В общем, при таком раскладе исполнять супружеские обязанности показалось мне затруднительным, да и Турайа не настаивала. Сказала, что еще чуть повозится с посудой, приготовит кое-что к завтраку, просмотрит свежие счета, что поступили от наших книжных агентов – и потом ляжет на крыше, а то под нею душновато.
Среди ночи я внезапно проснулся с отчетливым ощущением, что дома у меня не всё ладно. Хотя, как я убедил себя, неладно скорее было у меня внутри – фиги иногда оказывают на человека подобное действие, особенно если запивать их бодрящим отваром из двух верхних листиков.
Отхожее место у нас во дворе, так что я расшевелил мое потомство всякого рода и заковылял туда в одной длинной исподней рубахе, чуть пошатываясь спросонья.
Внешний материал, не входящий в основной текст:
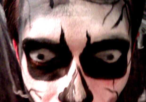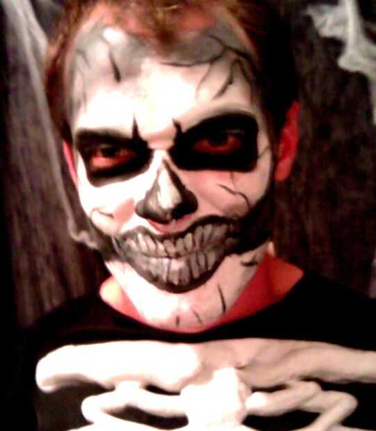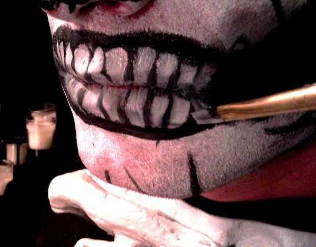 (Opcional: hacer los ojos mirar sangre tiro.) Esto se logra con pintura a base de agua color rojo y amarillo. Con su cepillo, dibujar líneas irregulares con pintura roja desde el exterior del párpado pintado hacia la pupila. Usted puede mirar una imagen de las venas del ojo como referencia si es necesario. Usted puede Agregar las venas amarillas y una pupila amarillo para hacer que los ojos parezcan aún más miedo.

Сделал всё, что положено, хорошенько ополоснулся над фаянсовым тазом из такого же кувшина (никак не могу привыкнуть к здешней чистоплотности) и отправился назад. Мимо окон нашей гостьи.
Что я услышал такого, чего не уловил никто? То ли тихий вой на одной ноте, превосходящий по ощущениям все пять чувств обычного человека. Или, может быть, ритмичное поскрипывание деревянной рамы, на которую этой ночью поместили матрас.
Словом, я не удосужился ни зайти внутрь дома, ни стукнуть во внешнюю дверь. Некая сила сама подняла меня на подоконник и обрушила внутрь через опущенную тростниковую штору. Та всколыхнулась, но не порвалась.
Первое, что я увидел, было широким веером черных, буквально смоляных волос, что окутывал приклонившееся к коленям стройное тело сидящей женщины. Затем, когда лицо поднялось, – глаза на абсолютно, как мне показалось, белом лице. Зеленовато-голубые и прозрачные, как морская вода.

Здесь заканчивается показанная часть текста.